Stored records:
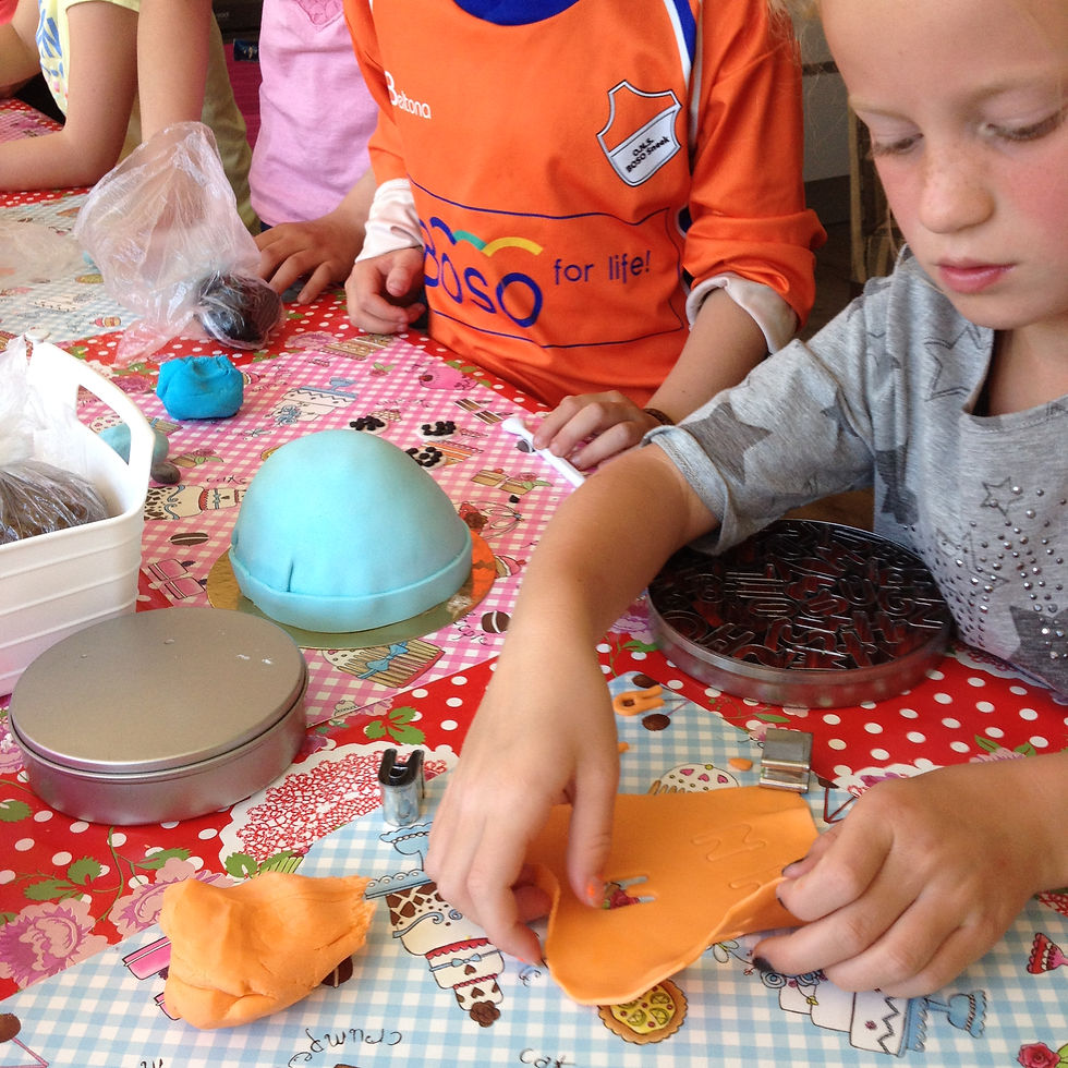 We geven ook workshops bij je thuis als kinderfeestje. Iedereen krijgt dan een boltaartje om te vullen, te bekleden en te versieren. En na afloop van het feestje krijgt iedereen zijn eigen taart mooi ingepakt mee naar huis. Deze workshop duurt ongeveer 3 uur en kost € 15,00 p.p. inclusief alle materialen.
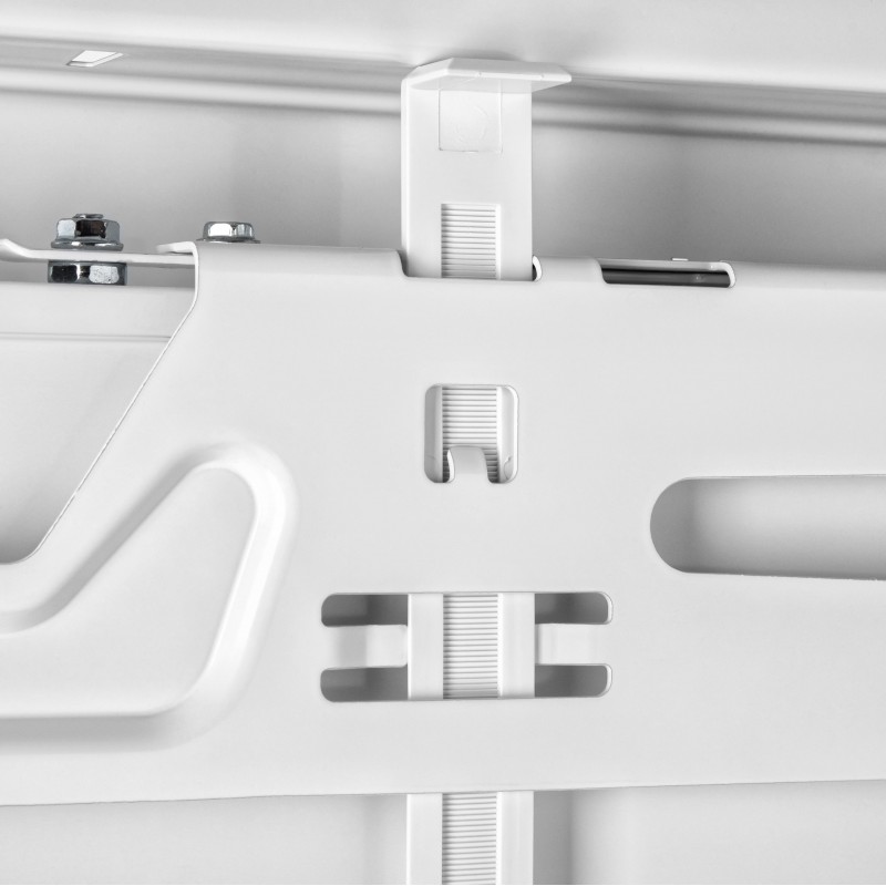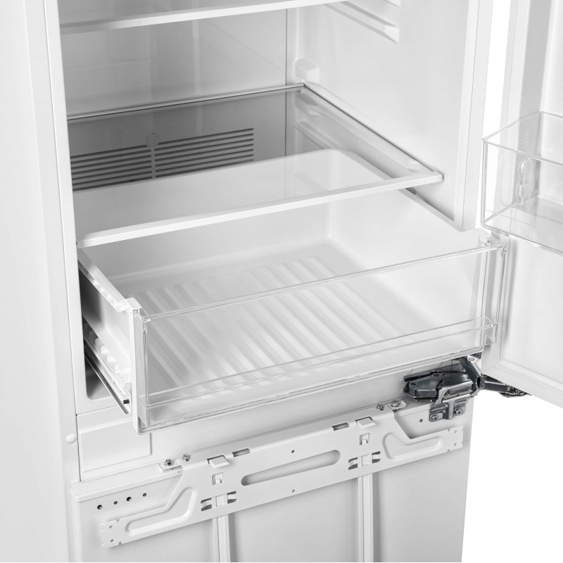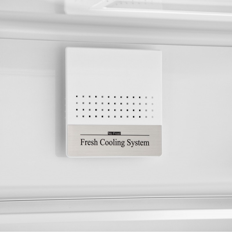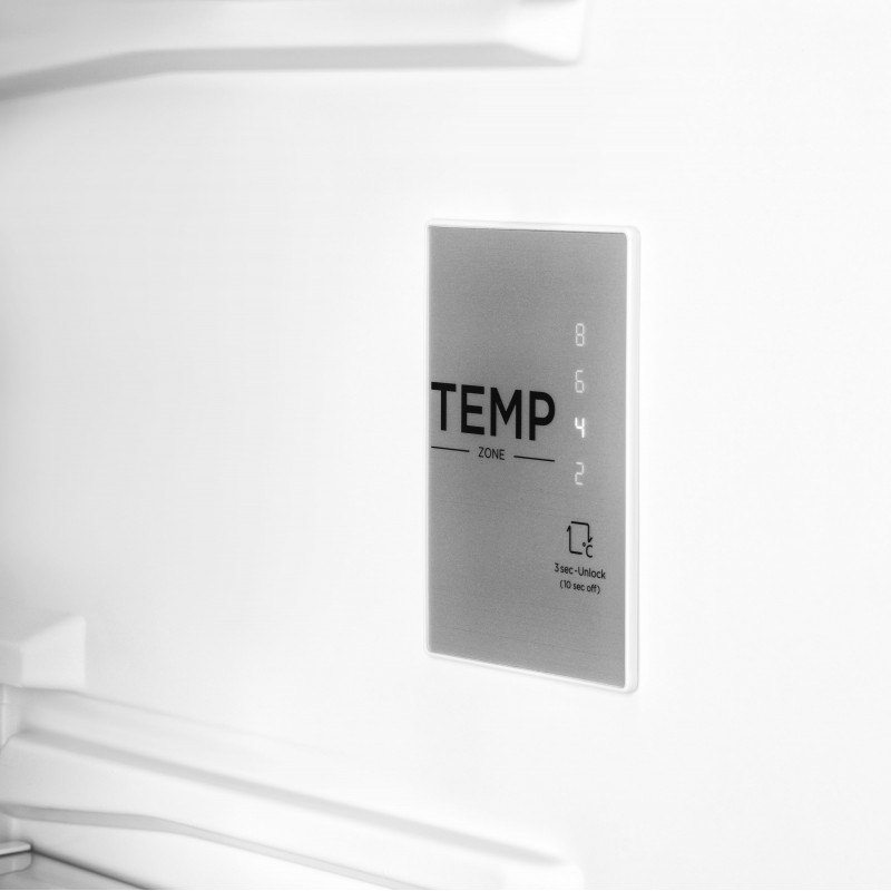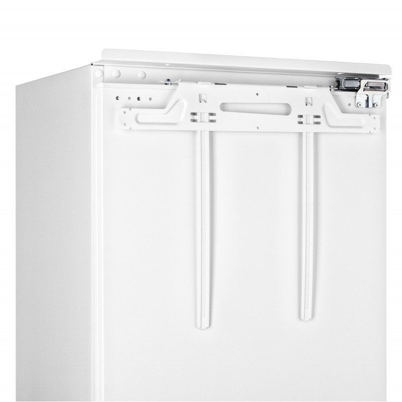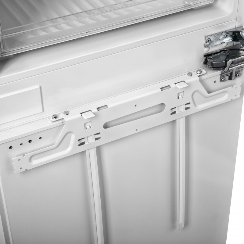 Конструкцією передбачено жорстке кріплення фасаду (door-on-door), що гарантує безпечне й надійне встановлення холодильника. Крім того, можливість перевішування дверцят дає змогу адаптувати модель відповідно до будь-якого дизайну кухні.
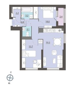 Жилая площадь 23.1 м2, кухня 19.9 м2, чистовая отделка. Раздельных санузлов - нет, балконов - нет, лоджий - 1.
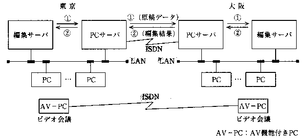 とを併用し、東京と大阪との間でページ編集処理に必要な原稿データの転送とビデオ会
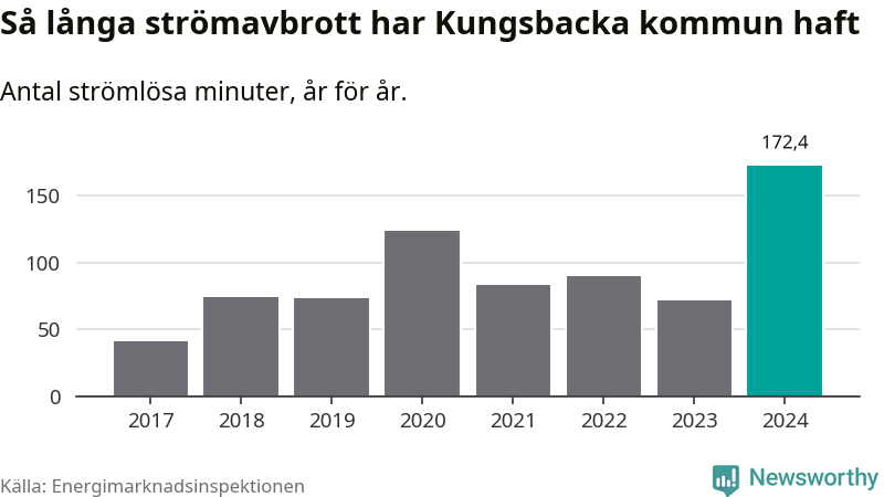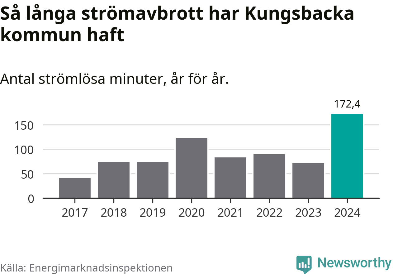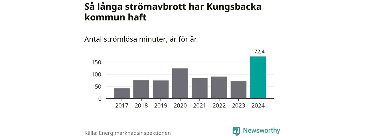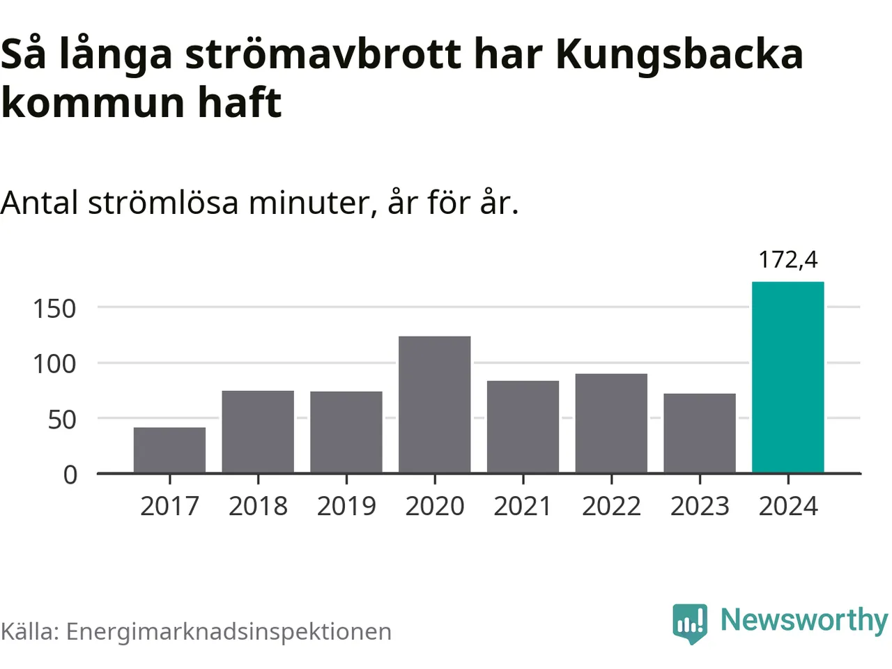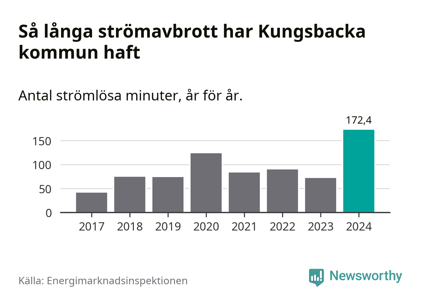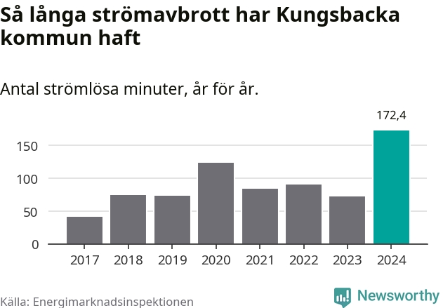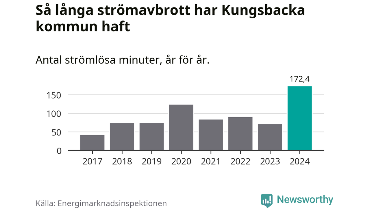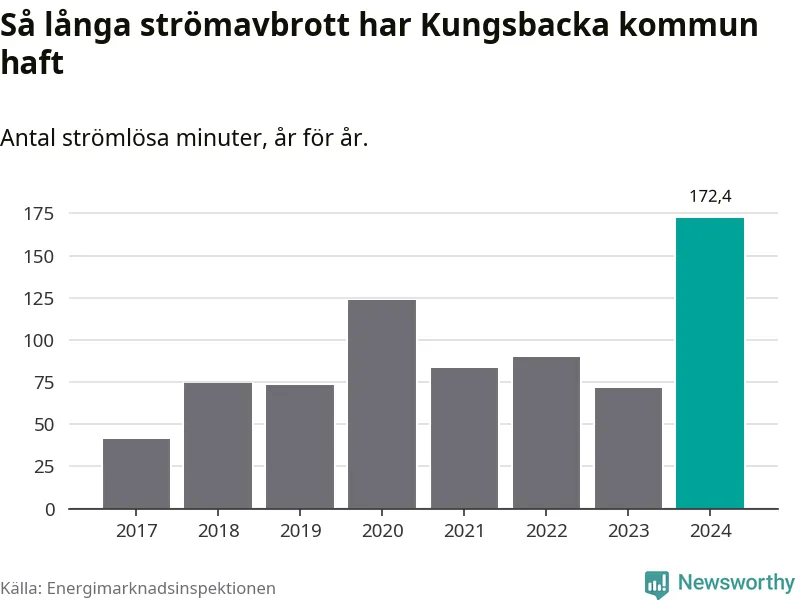 Antalet strömavbrott och total strömlös tid varierar från år till år i Kungsbacka kommun. Mest tid utan ström (i alla fall under perioden 2017–2024) fick Kungsbackaborna genomleva under 2024 – två timmar och 52 minuter. Det är en timme och 34 minuter längre än under ett normalår.
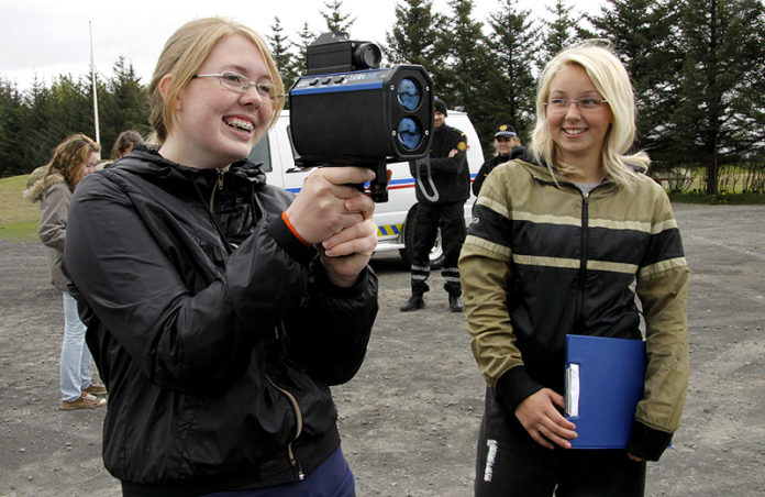 Ellefu stúlkur úr 10. bekk Vallaskóla voru í starfskynningu hjá Lögreglunni á Selfossi í dag og mældu meðal annars ökuhraða á Engjaveginum.
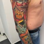 Tetování samuraj, had a květiny na rukávu

▸ WHAT IS EXPECTED: Beginning at the line that contains "とを併用し、東京と大阪との間でページ編集処理に必要な原稿データの転送とビデオ会", give the remaining lines of the records again exactly, through the last one. Leave out pictures.

▸ EXERCISE ANSWER:
 とを併用し、東京と大阪との間でページ編集処理に必要な原稿データの転送とビデオ会
 Antalet strömavbrott och total strömlös tid varierar från år till år i Kungsbacka kommun. Mest tid utan ström (i alla fall under perioden 2017–2024) fick Kungsbackaborna genomleva under 2024 – två timmar och 52 minuter. Det är en timme och 34 minuter längre än under ett normalår.
 Ellefu stúlkur úr 10. bekk Vallaskóla voru í starfskynningu hjá Lögreglunni á Selfossi í dag og mældu meðal annars ökuhraða á Engjaveginum.
 Tetování samuraj, had a květiny na rukávu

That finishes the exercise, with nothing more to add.